A Campobasso un problema che periodicamente si ripropone, con tanto di conferenza stampa, annunci e avvio di procedure, è quello della raccolta differenziata: un cerchio preciso, degno di quello di Giotto, che però non si chiude mai. Il servizio è andato avanti per gradi, lentamente negli anni, con difficoltà sempre evidenti a carico di più di un’amministrazione civica, a prescindere dal colore politico. Poco fa è stata annunciata l’attivazione del servizio nella Zona industriale, uno dei tasselli che mancava ancora; ma, come detto, il cerchio neanche questa volta si è chiuso, nel senso che un’ampia fetta della città, la zona che va dal centro a Vazzieri, è ancora ferma al palo. Sono passati veramente tanti anni, troppi e non si capisce come mai il servizio non sia stato completato in una città, che certo per il Molise ha certe dimensioni, ma non è né Roma, né Milano. Resta anche da capire perché, quando si parla di questa zona, agli annunci non seguano mai i fatti o almeno seguano con il contagocce. Ricordiamo solo l’ultimo passaggio temporale di quella che sembra essere una storia infinita.

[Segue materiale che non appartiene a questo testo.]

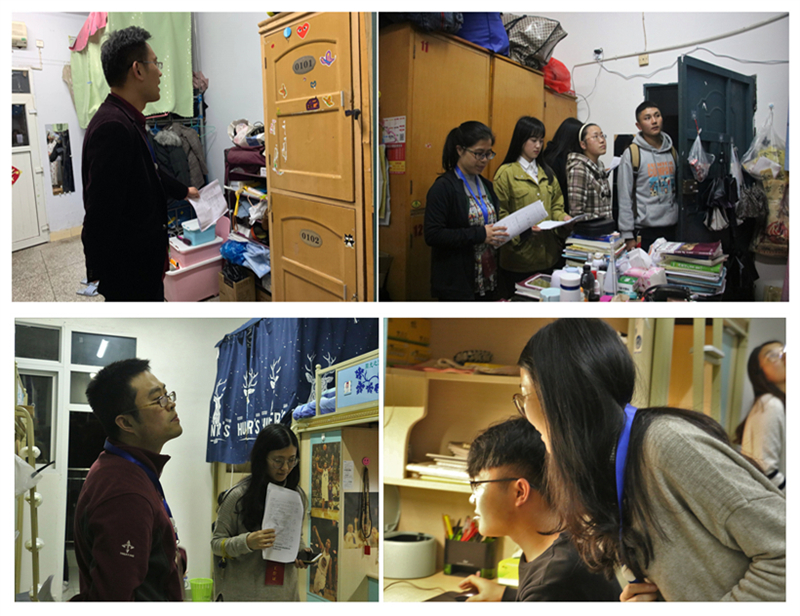 在检查过程中,各辅导员老师格外注意寝室内部卫生状况和同学们安全意识,对内务凌乱、安全意识不高的寝室提出批评并要求整改,对内务整洁、整体氛围较好的寝室做出表扬并鼓励继续保持。

Nel capoluogo di regione da oltre due anni è stato effettuato il ritiro dei bidoni dell’umido nelle zone dove ancora la differenziata ‘porta a porta’, o meglio condominiale, non era stata effettuata; allora si disse che la misura sarebbe stata transitoria e che nel giro di alcuni mesi si sarebbe provveduto a risolvere il problema. Il lockdown dello scorso anno e i rallentamenti della macchina burocratica cittadina conseguenti la questione potrebbero essere solo una parziale motivazione o giustificazione dello stop, ma a questo punto non ne giustificano lo stato di stallo attuale visto che da allora del tempo è passato e le restrizioni e le difficoltà sono diminuite. Fatto sta che i bidoni per la raccolta ‘porta a porta’ ancora non si vedono in queste zone della città e francamente non se ne capisce il motivo. La gente continua a conferire l’umido nel secco, perché non c’è alternativa; ma è una situazione poco corretta anche dal punto di vista ambientale le cui manchevolezze iniziano a pesare nell’immaginario collettivo, come pesano le mancate risposte dalla parte politica, da quella attuale alle altre a ritroso nel tempo.
I dubbi si trascinano da anni, a partire dal finanziamento milionario in capo al Comune di Campobasso, che avrebbe dovuto portare alla soluzione del problema e di cui non si sa molto pubblicamente, fatta eccezione per le foto con le cataste di bidoni nuovi (proprio quelli dell’umido che mancano in alcune zone della città) che anni addietro sono state ripetutamente pubblicate a dimostrazione dell’investimento: ma eccetto ciò nulla altro è dato sapere sullo stato dell’arte. Se fosse stato ancora in vita Dario Fo su una questione del genere avrebbe sicuramente elaborato il il ‘sequel’ del ‘mistero buffo’; ma aldilà del grande valore del compianto artista e dell’opera, per la città di Campobasso non sarebbe stata una buona notizia.